New York, February 25, 2008—Members of the Mexican Federal Preventive Police (PFP) detained and assaulted photographer Gabriel Huge Córdoba after he sought to cover a fatal Sunday afternoon car accident involving police in the eastern port city of Veracruz, the journalist said today. The Committee to Protect Journalists called on Mexican federal authorities to promptly investigate the matter.

Huge, a crime photographer for the Veracruz-based daily Notiver, was among several local journalists who arrived at the scene of a 2: 45 p.m. accident involving a PFP convoy, according to local press reports. PFP officers told photographers to leave the scene, according to Huge and news accounts. When Huge moved to a side street to photograph the accident, he was approached by other PFP members who were wearing masks, the journalist told CPJ. According to Huge, the officers accused him of not obeying their orders, handcuffed him, hit him in the back with a rifle butt, and pushed him into the back of a pickup truck.

Huge told CPJ that he was held face-down on the bed of the vehicle, driven around the city for several hours, and repeatedly kicked. PFP members told the photographer that he was being punished for perceived negative coverage about the PFP in the local media. Several local news outlets carried Huge’s account. One report said Huge’s equipment was confiscated as well.

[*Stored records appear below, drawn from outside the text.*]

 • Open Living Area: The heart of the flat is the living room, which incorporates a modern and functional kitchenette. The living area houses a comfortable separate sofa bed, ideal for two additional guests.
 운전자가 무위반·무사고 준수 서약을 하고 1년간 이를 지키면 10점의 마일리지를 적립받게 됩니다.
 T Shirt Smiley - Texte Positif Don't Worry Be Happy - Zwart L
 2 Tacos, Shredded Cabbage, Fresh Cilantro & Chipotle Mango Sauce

The photographer told CPJ that he was dropped off at the office of the Veracruz state prosecutor at 6:30 p.m., when he was charged with insulting authorities. Before being handed over, Huge said, a PFP member warned that police “would make sure that the next time he didn’t feel any pain at all.”

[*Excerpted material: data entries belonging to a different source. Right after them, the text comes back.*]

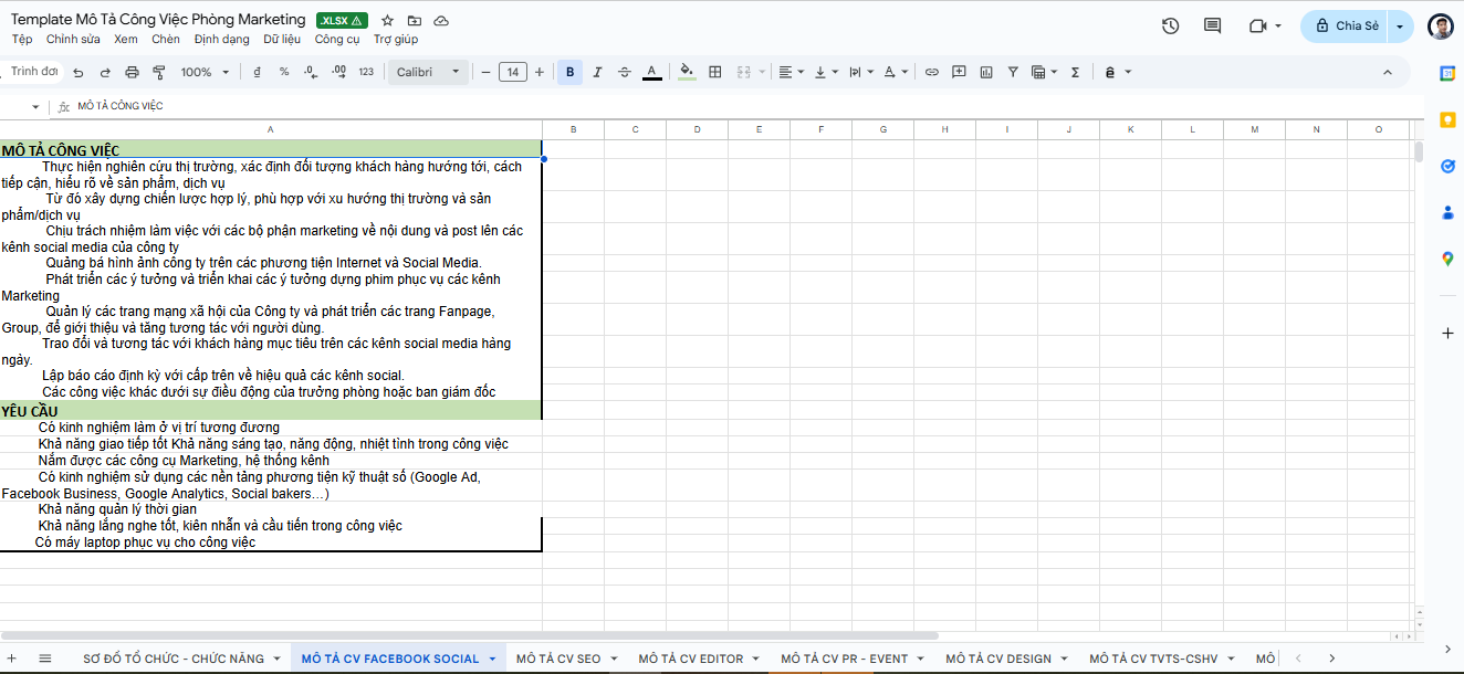 Template Sơ Đồ Tổ Chức Mô Tả Công Việc Marketing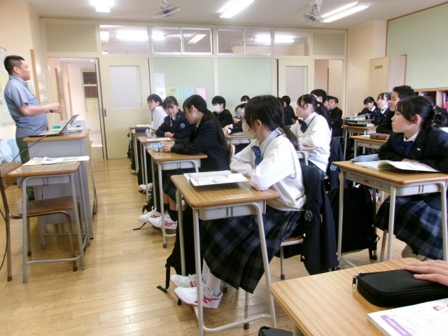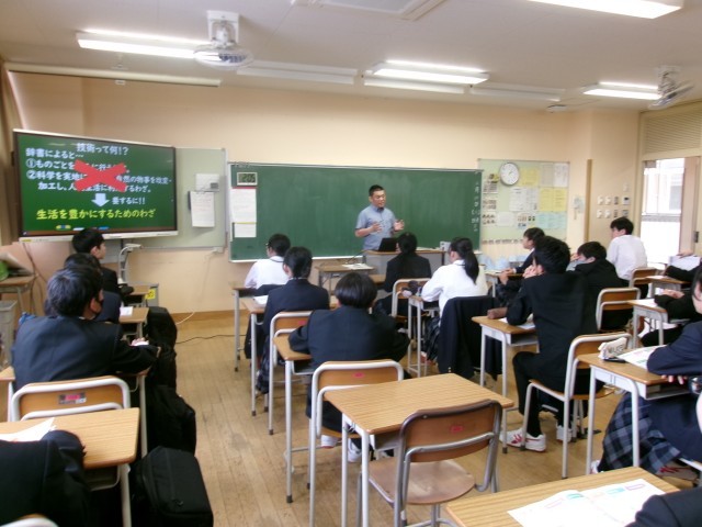 この日の技術では、中学校で初めて出会う教科・「技術家庭科」の定義から話題が始まりました。特に技術分野では、「大昔、人はきっと岩に座っていた。ある時、誰かが便利なイスを作った。」という事例をもとに、技術科の本質に迫りました。最終的には、技術とは「生活を豊かにするためのワザ」と定義し、生徒たちも熱心にメモをとっていました。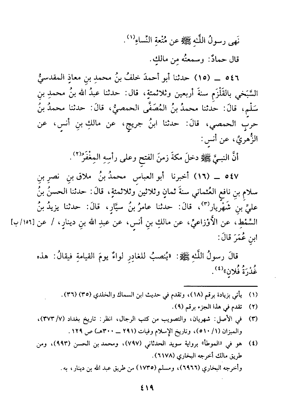 546 - (15) حَدَّثَنَا أَبُو أَحْمَدَ خَلَفُ بْنُ مُحَمَّدِ بْنِ مُعَاذٍ الْمَقْدِسِيُّ السَّبَخِيُّ بِالْقُلْزُمِ سَنَةَ أَرْبَعِينَ وثلاثمئة، قَالَ: حَدَّثَنَا عَبْدُ اللَّهِ بْنُ مُحَمَّدِ بْنِ سَلْمٍ، قَالَ: حَدَّثَنَا مُحَمَّدُ بْنُ الْمُصَفَّى الْحِمْصِيُّ، قَالَ: حَدَّثَنا مُحَمَّدُ بْنُ حَرْبٍ الْحِمْصِيُّ، قَالَ: حَدَّثَنَا ابْنُ جُرَيْجٍ، عَنْ مَالِكِ بْنِ أَنَسٍ، عَنِ الزُّهْرِيِّ، عَنْ أَنَسٍ: أَنَّ النَّبِيَّ صَلَّى اللَّهُ عَلَيْهِ وَسَلَّمَ دَخَلَ مَكَّةَ زَمَنَ الْفَتْحِ وَعَلَى رَأْسِهِ الْمِغْفَرُ.

The PFP convoy was transporting three officers accused in the slaying of a Veracruz man last week, according to local and national press reports. One unidentified PFP member was killed in Sunday’s crash.

The Federal Secretary of Public Security in Mexico City, which oversees the PFP, did not immediately respond to CPJ’s request for comment. The Veracruz prosecutor’s office referred all questions to the police agency.

“Huge’s account of federal police officers threatening and attacking him is alarming,” said CPJ Executive Director Joel Simon. “We urge authorities to thoroughly investigate this report.”

Huge told CPJ that he planned to file a formal complaint with the general prosecutor, which is a federal office, and to local human rights authorities.

Four reporters in the northern state of Coahuila were detained by members of the Mexican army in August 2007, while covering a routine drug raid. The reporters, who said they were abused by authorities, were charged with possession of a firearm and marijuana. A federal judge exonerated the reporters a month later, while the Nacional Commission on Human Rights said it would investigate the soldiers involved in the incident.